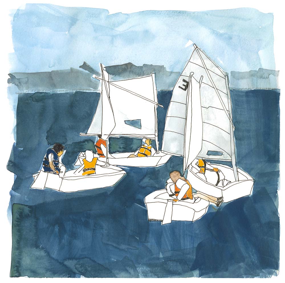 - “Junior Sailors,” 8 1/4″ x 8,” $450 framed.
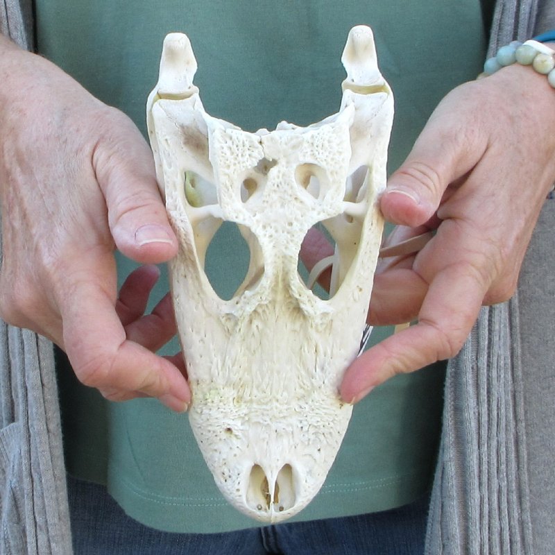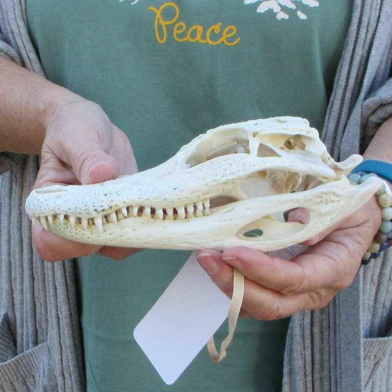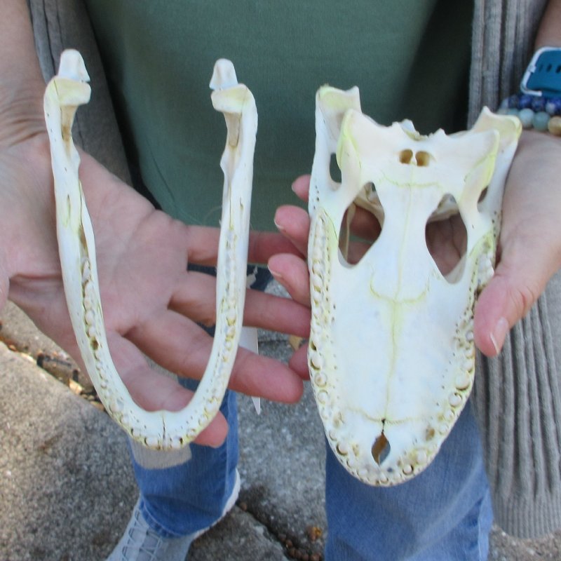 B-Grade Florida Alligator Skull (Alligator mississippiensis) measuring approximately 8 inches long and 3-1/2 inches wide and is from an estimated 4 foot Florida alligator.  - Damage to back of skull and yellow tint to skull.  Review all photos. The alligator skull has been cleaned and whitened.  It is a real gator skull - NOT a replica, and will have some natural blemishes, cartilage and chipped or missing teeth from living in the wild and fighting.
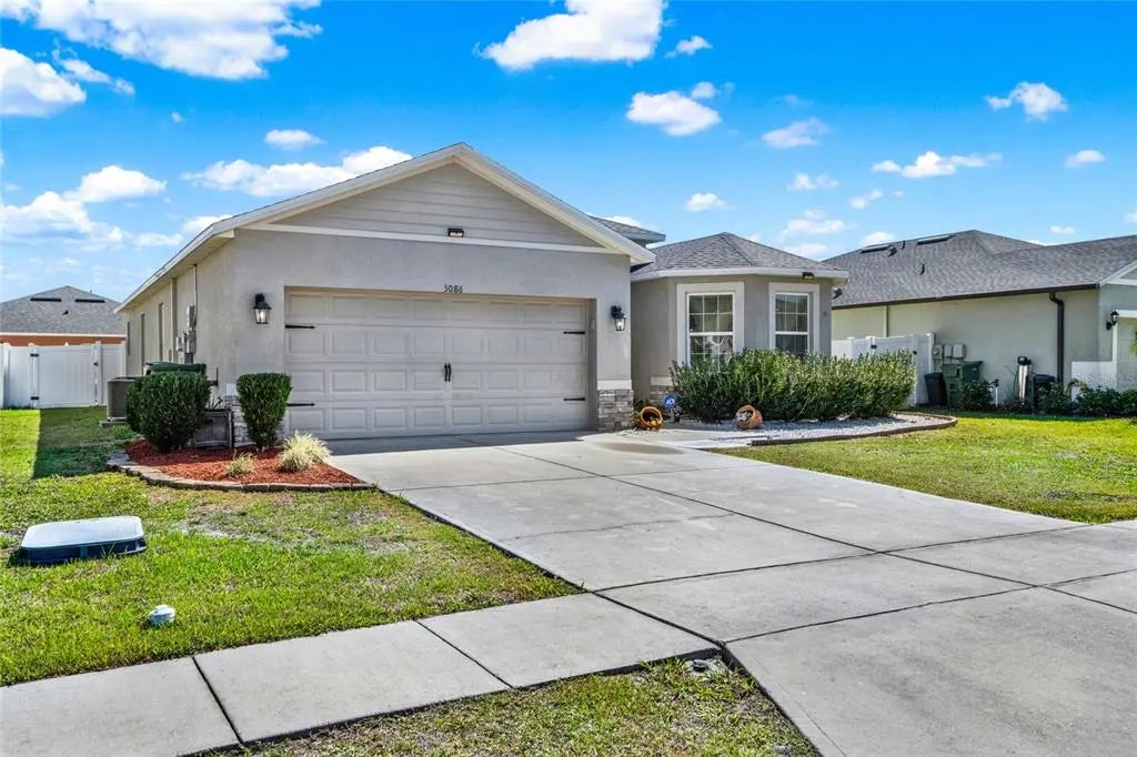 Welcome to 3086 Brenton Manor Loop, the space, comfort & value you’ve been searching for! Fall in love with this move in ready 3-bedroom, 2-bath home that truly checks all the boxes! Nestled in a peaceful, family friendly neighborhood with LOW HOA and NO CDD fees, this home delivers exceptional value with thoughtful upgrades, smart features, and plenty of room for your family to grow. Step inside and be greeted by a bright, open concept layout designed to bring your family together. The spacious living, dining, and kitchen areas flow effortlessly, ideal for movie nights, or casual mornings over coffee. The split-bedroom floor plan offers comfort and privacy for everyone, while the primary suite serves as your personal retreat, boasting a double vanity, oversized walk in shower, and a large walk in closet. Major upgrades have been taken care of for you, including: Brand-new roof (2024), New AC unit (2023), Smart home features, Ceiling fans throughout, LG Washer & Dryer, Garage door opener and spacious 2-car garage. Outside, enjoy your large patio, a fully fenced backyard, and even your own pineapple plants growing in the garden, perfect for family fun, pets, or weekend BBQs. Conveniently located just minutes from Highway 27, Legoland, shopping, dining, and schools, this home puts everything your family needs within easy reach. Whether you’re upsizing, relocating, or buying your first home, 3086 Brenton Manor Loop offers unbeatable space, upgrades, and value. Come see it in person and imagine your family’s next chapter here!

• [What is required]
What the reply must contain is an exact transcription of the data above and none of its pictures.

• [Solved problem]
 - “Junior Sailors,” 8 1/4″ x 8,” $450 framed.
 B-Grade Florida Alligator Skull (Alligator mississippiensis) measuring approximately 8 inches long and 3-1/2 inches wide and is from an estimated 4 foot Florida alligator.  - Damage to back of skull and yellow tint to skull.  Review all photos. The alligator skull has been cleaned and whitened.  It is a real gator skull - NOT a replica, and will have some natural blemishes, cartilage and chipped or missing teeth from living in the wild and fighting.
 Welcome to 3086 Brenton Manor Loop, the space, comfort & value you’ve been searching for! Fall in love with this move in ready 3-bedroom, 2-bath home that truly checks all the boxes! Nestled in a peaceful, family friendly neighborhood with LOW HOA and NO CDD fees, this home delivers exceptional value with thoughtful upgrades, smart features, and plenty of room for your family to grow. Step inside and be greeted by a bright, open concept layout designed to bring your family together. The spacious living, dining, and kitchen areas flow effortlessly, ideal for movie nights, or casual mornings over coffee. The split-bedroom floor plan offers comfort and privacy for everyone, while the primary suite serves as your personal retreat, boasting a double vanity, oversized walk in shower, and a large walk in closet. Major upgrades have been taken care of for you, including: Brand-new roof (2024), New AC unit (2023), Smart home features, Ceiling fans throughout, LG Washer & Dryer, Garage door opener and spacious 2-car garage. Outside, enjoy your large patio, a fully fenced backyard, and even your own pineapple plants growing in the garden, perfect for family fun, pets, or weekend BBQs. Conveniently located just minutes from Highway 27, Legoland, shopping, dining, and schools, this home puts everything your family needs within easy reach. Whether you’re upsizing, relocating, or buying your first home, 3086 Brenton Manor Loop offers unbeatable space, upgrades, and value. Come see it in person and imagine your family’s next chapter here!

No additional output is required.